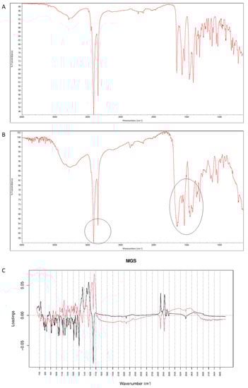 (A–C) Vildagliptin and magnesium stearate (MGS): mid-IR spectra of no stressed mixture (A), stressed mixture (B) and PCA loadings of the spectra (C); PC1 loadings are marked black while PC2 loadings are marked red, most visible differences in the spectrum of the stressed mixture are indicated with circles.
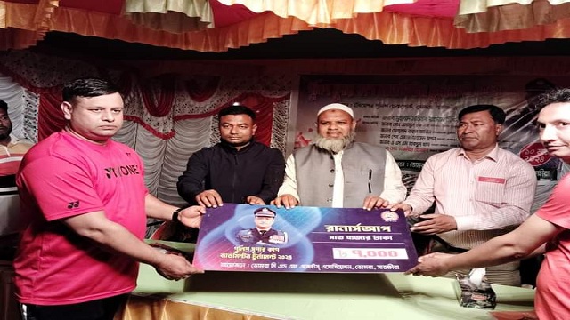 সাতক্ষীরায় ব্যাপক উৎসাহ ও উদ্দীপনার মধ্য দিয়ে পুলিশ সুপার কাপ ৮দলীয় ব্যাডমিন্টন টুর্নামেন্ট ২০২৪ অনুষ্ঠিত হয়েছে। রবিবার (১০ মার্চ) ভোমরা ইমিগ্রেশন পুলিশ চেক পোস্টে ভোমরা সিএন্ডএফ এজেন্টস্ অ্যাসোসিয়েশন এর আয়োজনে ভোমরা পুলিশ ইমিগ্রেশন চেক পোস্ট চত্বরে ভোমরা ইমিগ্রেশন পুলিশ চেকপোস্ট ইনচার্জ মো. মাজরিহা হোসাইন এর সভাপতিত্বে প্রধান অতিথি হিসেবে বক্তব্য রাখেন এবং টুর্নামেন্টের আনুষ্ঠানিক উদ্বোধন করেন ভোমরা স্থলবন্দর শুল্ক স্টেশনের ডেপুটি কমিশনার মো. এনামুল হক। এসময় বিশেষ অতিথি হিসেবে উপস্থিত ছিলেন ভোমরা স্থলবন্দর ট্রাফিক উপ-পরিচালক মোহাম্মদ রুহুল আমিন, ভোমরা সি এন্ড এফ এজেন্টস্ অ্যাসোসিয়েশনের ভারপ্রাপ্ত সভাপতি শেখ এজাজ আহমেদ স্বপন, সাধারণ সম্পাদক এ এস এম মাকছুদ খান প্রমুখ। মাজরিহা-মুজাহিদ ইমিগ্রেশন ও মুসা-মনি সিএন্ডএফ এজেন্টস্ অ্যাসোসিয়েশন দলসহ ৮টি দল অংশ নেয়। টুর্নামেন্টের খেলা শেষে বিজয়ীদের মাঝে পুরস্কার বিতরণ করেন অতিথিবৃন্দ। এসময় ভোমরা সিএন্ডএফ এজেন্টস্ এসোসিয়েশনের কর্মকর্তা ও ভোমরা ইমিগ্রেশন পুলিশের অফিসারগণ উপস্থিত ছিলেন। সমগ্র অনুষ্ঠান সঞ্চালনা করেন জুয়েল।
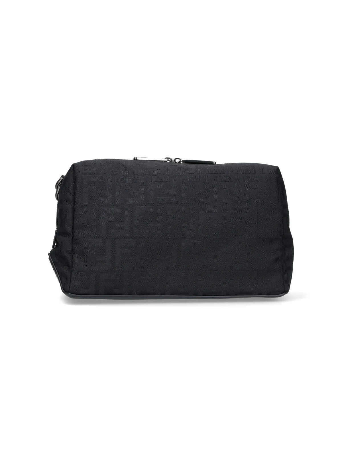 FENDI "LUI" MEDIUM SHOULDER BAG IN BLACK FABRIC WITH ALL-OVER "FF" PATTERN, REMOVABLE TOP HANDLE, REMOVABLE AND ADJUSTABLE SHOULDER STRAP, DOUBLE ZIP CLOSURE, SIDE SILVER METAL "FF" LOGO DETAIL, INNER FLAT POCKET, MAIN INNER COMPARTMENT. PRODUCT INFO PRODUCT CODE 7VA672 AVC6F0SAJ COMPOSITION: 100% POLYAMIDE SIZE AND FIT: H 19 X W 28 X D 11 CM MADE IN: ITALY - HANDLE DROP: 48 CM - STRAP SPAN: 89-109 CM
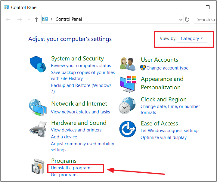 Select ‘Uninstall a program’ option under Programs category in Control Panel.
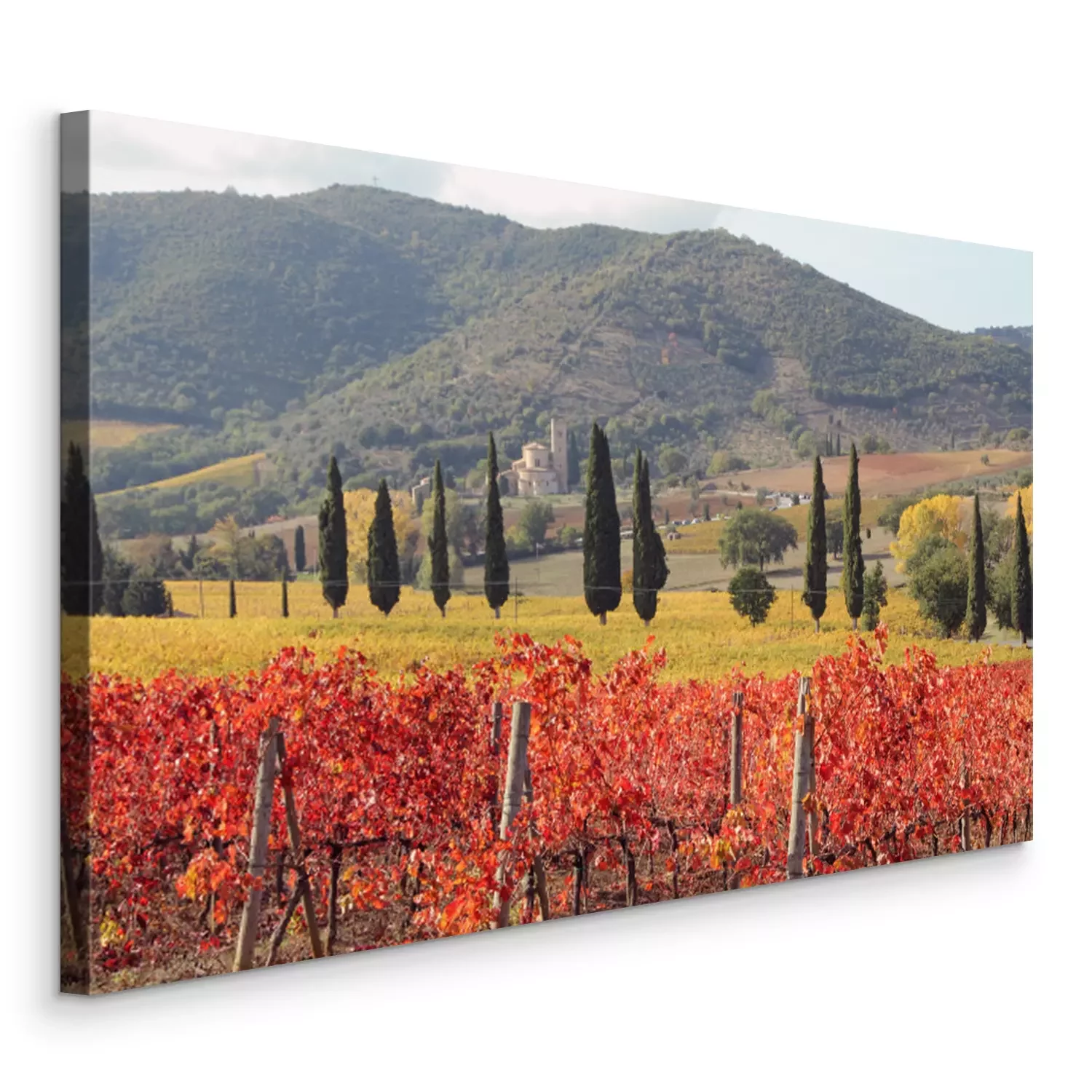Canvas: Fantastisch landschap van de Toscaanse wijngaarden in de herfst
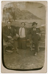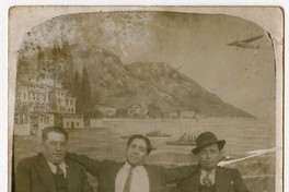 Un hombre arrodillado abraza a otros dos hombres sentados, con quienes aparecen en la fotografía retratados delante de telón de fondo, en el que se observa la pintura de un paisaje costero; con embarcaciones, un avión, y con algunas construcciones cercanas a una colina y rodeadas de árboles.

_ _ _ _ _

EXERCISE BRIEF: Starting at the line that contains "Select ‘Uninstall a", transcribe each line through the last one of the entries above, exactly and without pictures.

REPLY:
 Select ‘Uninstall a program’ option under Programs category in Control Panel.
Canvas: Fantastisch landschap van de Toscaanse wijngaarden in de herfst
 Un hombre arrodillado abraza a otros dos hombres sentados, con quienes aparecen en la fotografía retratados delante de telón de fondo, en el que se observa la pintura de un paisaje costero; con embarcaciones, un avión, y con algunas construcciones cercanas a una colina y rodeadas de árboles.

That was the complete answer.